Pulmonary Abnormalities on High-Resolution CT Demonstrate More Rapid Decline Than FEV1 in Adults With Cystic Fibrosis

Pulmonary Abnormalities on High-Resolution CT Demonstrate More Rapid Decline Than FEV1 in Adults With Cystic FibrosisCystic fibrosis (CF) is the most common autosomal recessive inherited disorder in whites, with a prevalence of 1 in 1,461 births in the Irish population. By the later teenage years, significant irreversible lung damage has occurred in many patients. The majority die of recurrent respiratory sepsis and respiratory failure in adulthood.
Spirometry, particularly FEV1, is used as a marker of lung disease because of its reproducibility and accuracy as an outcome surrogate. It is well known that spirometry results decline as lung disease progresses. In a thought-provoking article, de Jong et al showed that the rate of decline in high-resolution CT (HRCT) appearances was more significant than the rate of decline in spirometry results in children, and this has been confirmed by others. More recently, further novel work has shown that several HRCT abnormalities decline at a faster rate than FEV1 in adults. As a result, proposals for the use of HRCT as an outcome surrogate have been suggested.” In this regard, a combined HRCT/ spirometric score has been shown to be a sensitive marker in detecting treatment effects. More recently, HRCT has been shown to correlate with the number of respiratory exacerbations in children over time.
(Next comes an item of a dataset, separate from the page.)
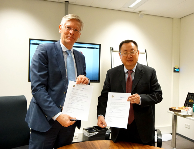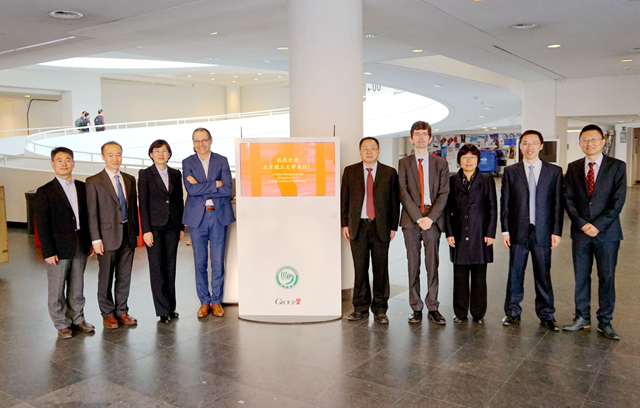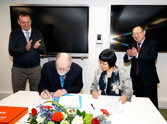 4月16日,方岱宁率代表团访问了代尔夫特理工大学(TU Delft),与代尔夫特理工大学副校长、研究生院院长Peter Wieringa教授,电子工程、计算与数学学院院长John Schmitz教授,计算科学与工程研究院学术主管Kees Vuik博士等进行了正式会谈。方岱宁与Wieringa认为两校近年来研究生规模和教育水平发展迅速,两校在学科设置和科研方向上有很多相似之处,双方都表示支持金年会jinnianhuicom与代尔夫特理工大学相关学科的深入合作,推动教授间的学术交流和联合培养博士生。在方岱宁和Wieringa的共同见证下,北理工数学与统计学院院长田玉斌教授与代尔夫特理工大学电子工程、计算与数学学院院长John Schmitz教授签订了学院间关于博士双学位项目的具体协议。

In adults with CF, the rate of change in spirometry is well documented, but the rate of change in HRCT abnormalities has only been described in a single study. Since adults generally have more progressive lung function impairment than children, we hypothesized that the rate of decline in lung spirometry in this age group would be similar or worse than the rate of decline in HRCT abnormalities. The aim of this study was to compare the rates of change in HRCT and clinical measurements over a significant time period in an adult cohort of patients with CF.
Since 1997, all adult patients undergo elective HRCT every 18 to 24 months as part of scheduled long-term patient assessment at the Irish National Referral Centre for Adult CF. Patients > 16 years old from the entire country are referred to the center for multidisciplinary care. The number of patients attending our center has steadily increased from 1997 (approximately 170 patients) to 2005 (approximately 250 patients) as treatment has become more centralized and life expectancy continues to improve.